I purchased crickets for him regularly from PetSmart, sometimes dropping a few roaches in from the “overflow” in another terrarium. I only saw him eat crickets, roaches seemingly beneath the culinary taste of this particular mantis. Often did I see him in merrily mantid mandibular mastication! (Agnew, in whatever unearthly realm your soul presently resides, eat your heart out!).

Notice, in several prior paragraphs I used the personal pronoun “he” regarding our mantis. I know so, because another employee had caught a praying mantis some weeks before and determined it to be female by using the tried and true method of counting the number of segments of its abdomen to determine gender. His female had 6 of them, whereas my male had 8. It just now occurs to me how scary and gross a man in possession of an “eight-pack” would be (Arnold is “monstrous” enough, without that).

We decided not to breed our mantises, keeping them in separate terraria and displaying both sexes for the public’s enlightenment. Besides, when it comes to praying mantises, two in one terrarium would soon lead to “one within another” (not a mantis of the next size down slipped within a mantis of slightly larger size, like Russian Matryoshka dolls; but instead, one digested past recognition, as mantises become cannibalistic when confined “plurally”).

As luck would have it, one day, our female mantis constructed an egg case, attaching it to one side of the glass terrarium. Just because her terrarium was adjacent the terrarium of the recently late male praying mantis didn’t mean he was the father, because both were collected from the butterfly garden at different times. However, since our butterfly garden is the scientific “constant” in all of this, our recently deceased male mantis might have been the father; but still, even the likes of “Maury” would be hard-pressed in the determination of this particular egg case’s paternity! Additionally, no bans were published and no vows taken, so in no way could our female mantid have been derided as a wanton “floozie.”

I always thought a giant praying mantis would have made a great antagonist in an old 1950s sci-fi movie. “Mantra” (lot of symbolism there) would certainly have been scarier than “Mothra!” But PETA would have championed “Mothra!” (remember, moth larvae’s effect on fur coats).

I guess it’s time to give him a decent burial, but with his protective chitinous covering he could be displayed for a while, as with entomological collections, decades old. I could probably affix him to the inside of the terrarium’s cover screen, telling the school kids he’s just “taking a break” or “making up his mind” (back at Granite Quarry School in the 1950s and 60s, we were too observant and possessed of attention spans much too substantive to have fallen for that sort of thing, but it would probably work now).

In the religion of Ancient Egypt, it was believed that praying mantises transported the souls of the dead to the afterlife.
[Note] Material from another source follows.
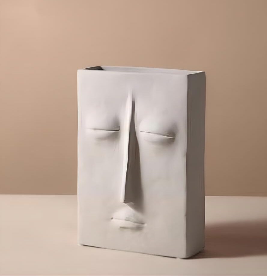 A minimalist rectangular sculpture featuring a serene face with closed eyes, crafted...

Just think of how short a time it took my little mantid friend’s soul to reach the great beyond without the additional, burdening weight of a human shade!

In a final comment on our recently-deceased mantis, I estimate the degree of devoutness expressed in his countenance to be equaled to that displayed in any first-century mosaic or Orthodox Icon.

I have no fear for the outcome of his little soul; for during the entire time of our acquaintance, his was the very image of constant supplication.